**Provided material**

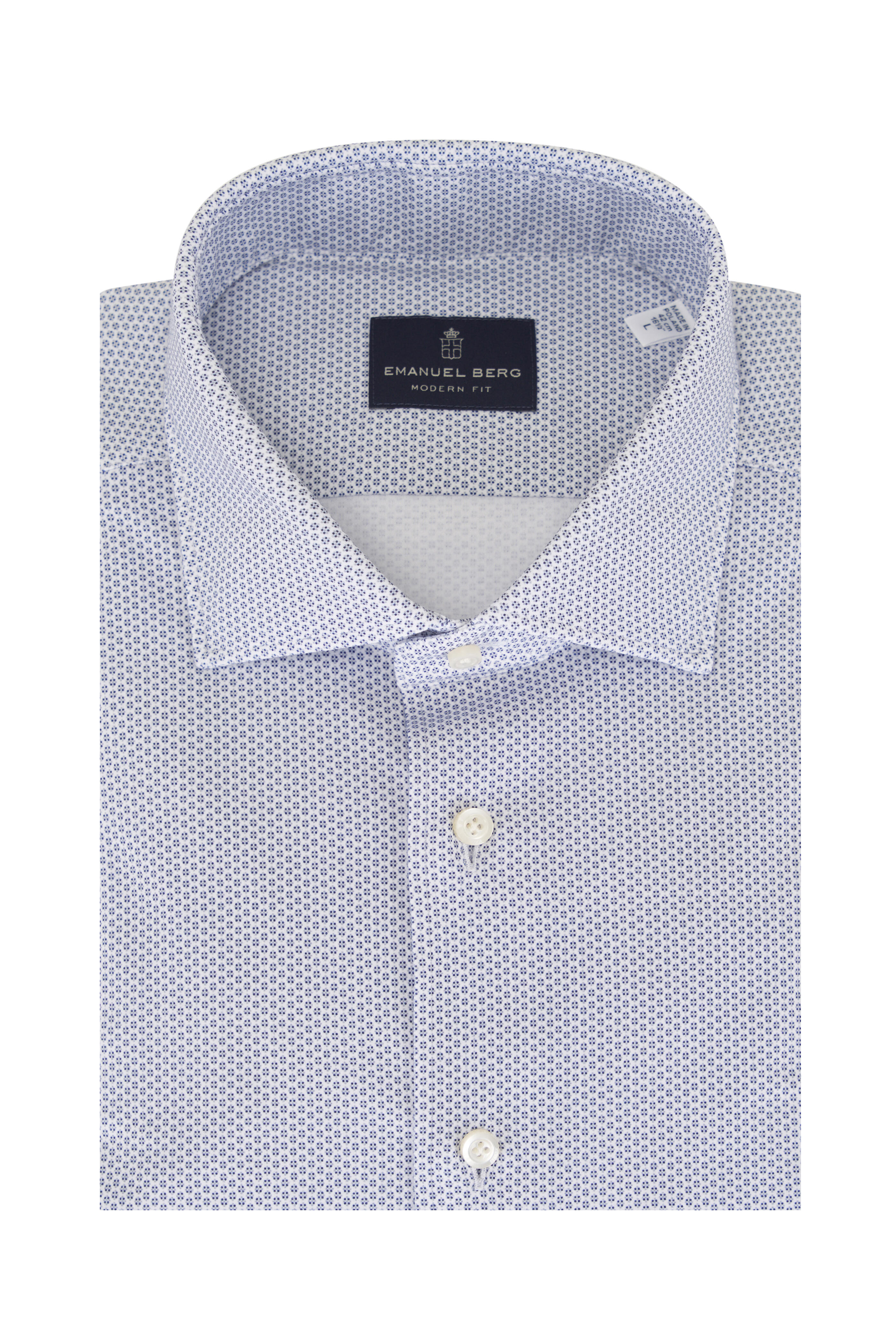 Spread collar. French front button placket. Adjustable single button mitered cuffs. Imported. Modern fit. 89% cotton, 11% elastane. Machine wash.
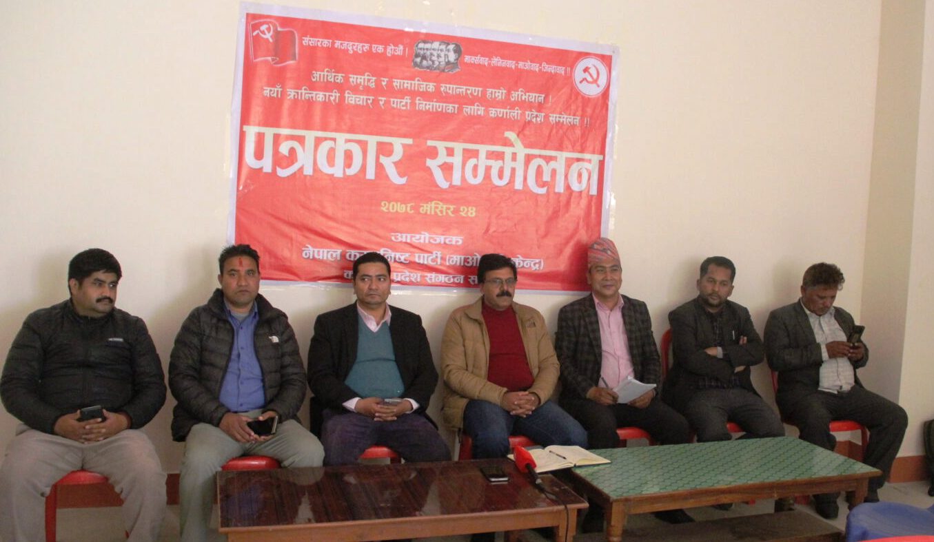 सुर्खेत । आज देखि सुरु हुने माओवादी केन्द्र कर्णालीको प्रथम सम्मेलनको सबै तयारी पुरा भएको छ । सम्मेलको पूर्वसन्धामा पत्रकार सम्मेलन गर्दै माओवादीले अधिवेशन सबै तयारी पुरा भएको जनाएको हो । माओवादी केन्द्रको प्रथम कर्णाली प्रदेश सम्मेलन शनिबारदेखि वीरेन्द्रनगरको सिटी हलमा हुँदैछ ।
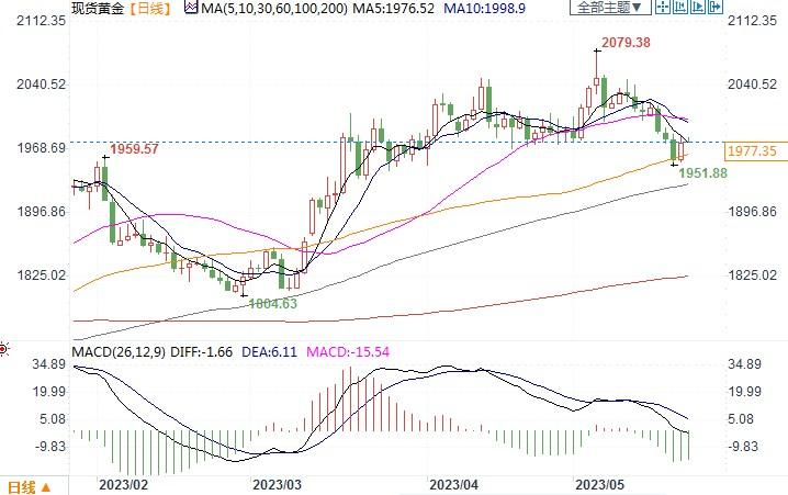 支撑位在1950美元,阻力位在2000美元。他说:“如果债务上限谈判继续陷入困境,本周金价可能会轻松稳定在2000美元上方。”
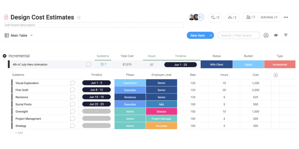 Antes de monday.com, los gerentes de proyecto “estimarían” la cantidad de tiempo que tomaría completar las diversas etapas de un proyecto y predecir el costo en consecuencia. Ahora, utilizando el seguimiento del tiempo directamente en un tablero de monday.com, pueden predecir con precisión y eficacia cuánto costará un proyecto.
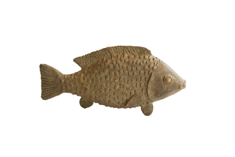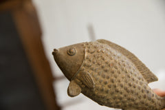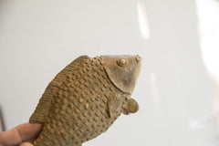 :: Vintage handmade African fish sculpture. Circa late mid 20th century, each figure in this collection represents a different variation of protection and spirit used inside and outside of the local homes. These are beautiful collectibles that you or someone you love will cherish forever. As this item is in vintage condition, it may show signs of age and use. Size measures: 1.5" x 6" x 3.5".

**What you have to do**
Restate word for word only the lines from where the entries begin through the one with "支撑位在1950美元,阻力位"; omit the pictures.

**Response below**
 Spread collar. French front button placket. Adjustable single button mitered cuffs. Imported. Modern fit. 89% cotton, 11% elastane. Machine wash.
 सुर्खेत । आज देखि सुरु हुने माओवादी केन्द्र कर्णालीको प्रथम सम्मेलनको सबै तयारी पुरा भएको छ । सम्मेलको पूर्वसन्धामा पत्रकार सम्मेलन गर्दै माओवादीले अधिवेशन सबै तयारी पुरा भएको जनाएको हो । माओवादी केन्द्रको प्रथम कर्णाली प्रदेश सम्मेलन शनिबारदेखि वीरेन्द्रनगरको सिटी हलमा हुँदैछ ।
 支撑位在1950美元,阻力位在2000美元。他说:“如果债务上限谈判继续陷入困境,本周金价可能会轻松稳定在2000美元上方。”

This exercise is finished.